Javascript is today's most popular programming language, and that makes it the flagship of prototypal inheritance patterns. Javascript gleaned the pattern from Self. So I corroborate the above points regarding language citations and examples. To include a sample implementation in Java is nearly non-sensical... to provide that sample *alone* is just ridiculous. To wit: http://twitter.com/#!/emjayess/status/92640484299780096 emjayess (talk) 17:48, 17 July 2011 (UTC)Reply

UML class and sequence diagram edit

I would like to share the following UML diagrams I have published on Design Patterns Open Online Learning.
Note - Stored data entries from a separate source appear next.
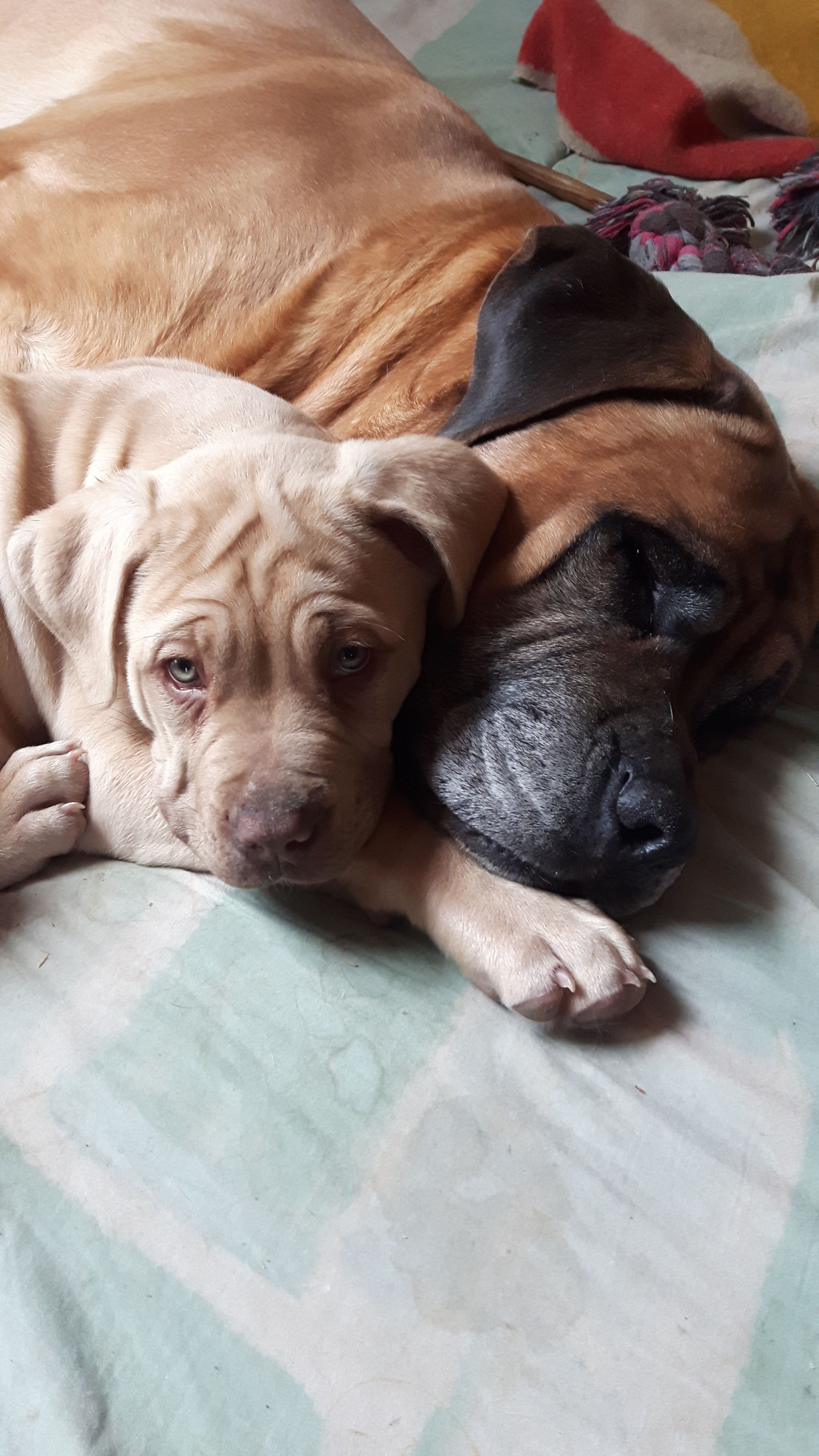 This is my mastiff momma with her litter of pups. Cleo is such an amazing part of our family. We live off grid, and she has so many roles here. She protects, she hunts, but most importantly she LOVES.
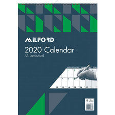 CALENDAR MILFORD EVEN YEAR A3 WIRO MONTH TO VIEW LAMINATED FSC 70 PERCENT MIX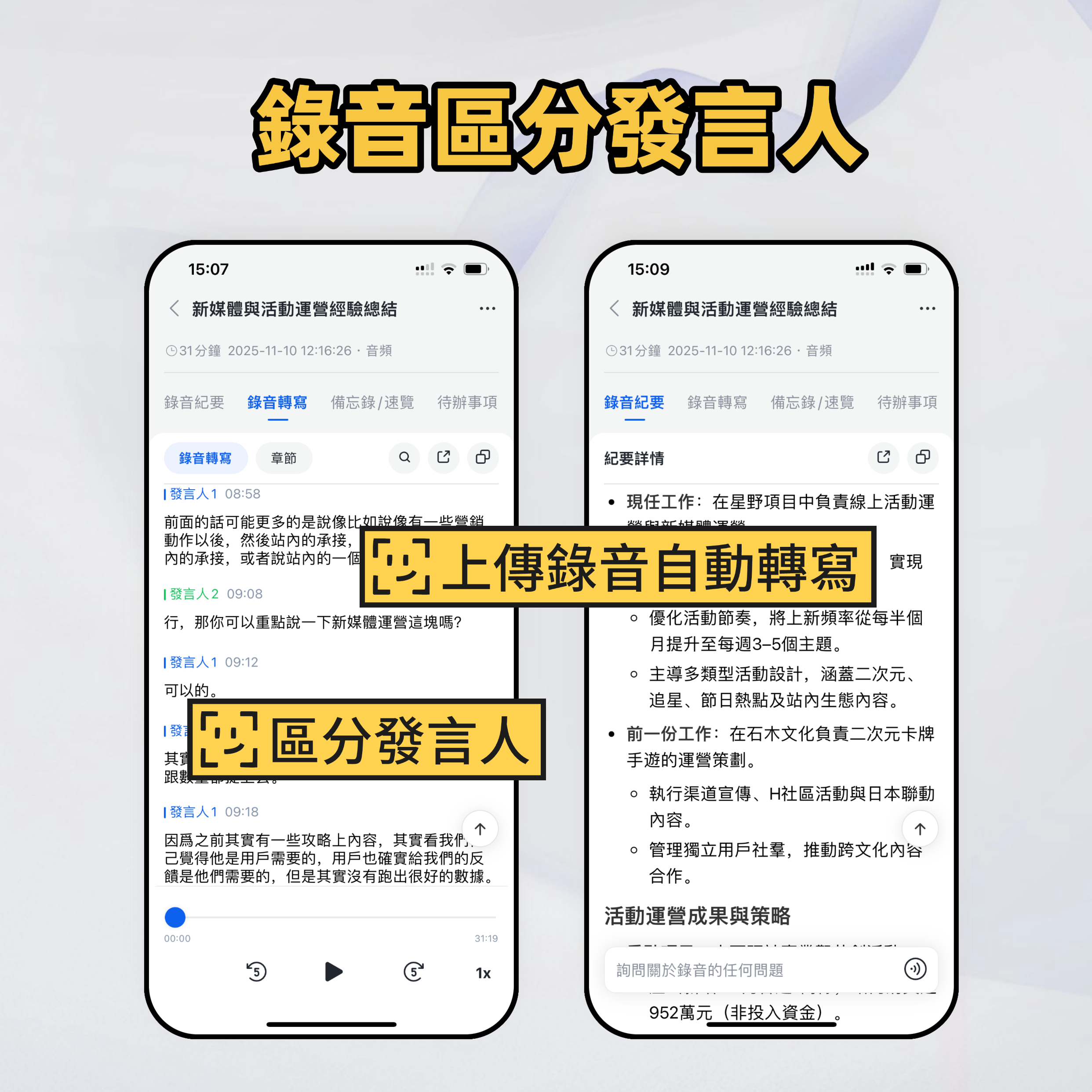 這些工具特別適合轉錄冗長或複雜的會議,讓你的手指得以休息,專注於更重要的任務。秒聽錄音支援多國語言,包含中文、英文、日文、粵語與台語,滿足多元使用需求。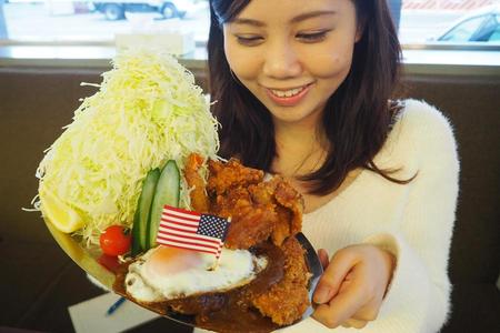 注文したのは「大人のお子様ランチCセット」1400円。ウェイトレスのお姉さんが片手で運べないくらい、プレート自体がとにかくデカい。野球ボールサイズのからあげが3つに、それに負けない大きさのハンバーグ、トンカツ、海老フライがてんこ盛り。さらに、おかずの横に鎮座するキャベツは二郎系ラーメンのトッピングかと思うぐらいズッシリ盛られている。別プレートのごはんも、完全にお子様じゃないサイズ。聞けば700g、お茶碗大盛りが200gだから3.5倍の量だ。「どれから食べよう・・・!」もう食いしん坊の私のテンションはUSJに来たときと同じ!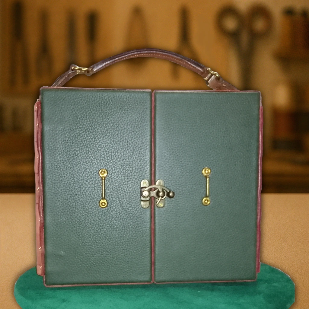 Présélya est une Composition haut de gamme réalisée en cuir tannage végétal bleu canard, avec bordures en collet rouge marbré et intérieur en velours vert.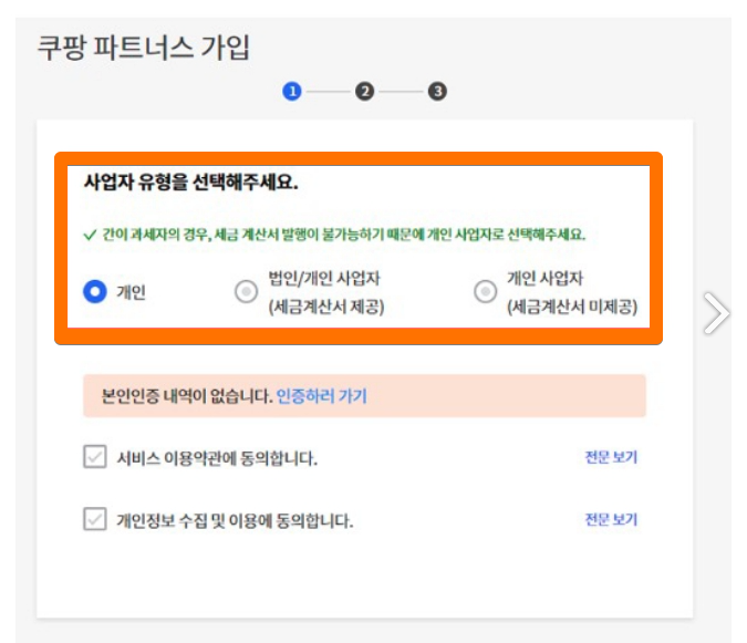 사업자 유형은 개인, 나머지 약관은 동의하고 다음으로 넘어갑니다

Your comments are welcomed!

 
A sample UML class and sequence diagram for the Prototype design pattern.

In the above UML class diagram, the Client class that requires a Product object doesn't instantiate the Product1 class directly. Instead, the Client refers to the Prototype interface for cloning an object. The Product1 class implements the Prototype interface by creating a copy of itself.
The UML sequence diagram shows the run-time interactions: The Client object calls clone() on a prototype:Product1 object, which creates and returns a copy of itself (a product:Product1 object).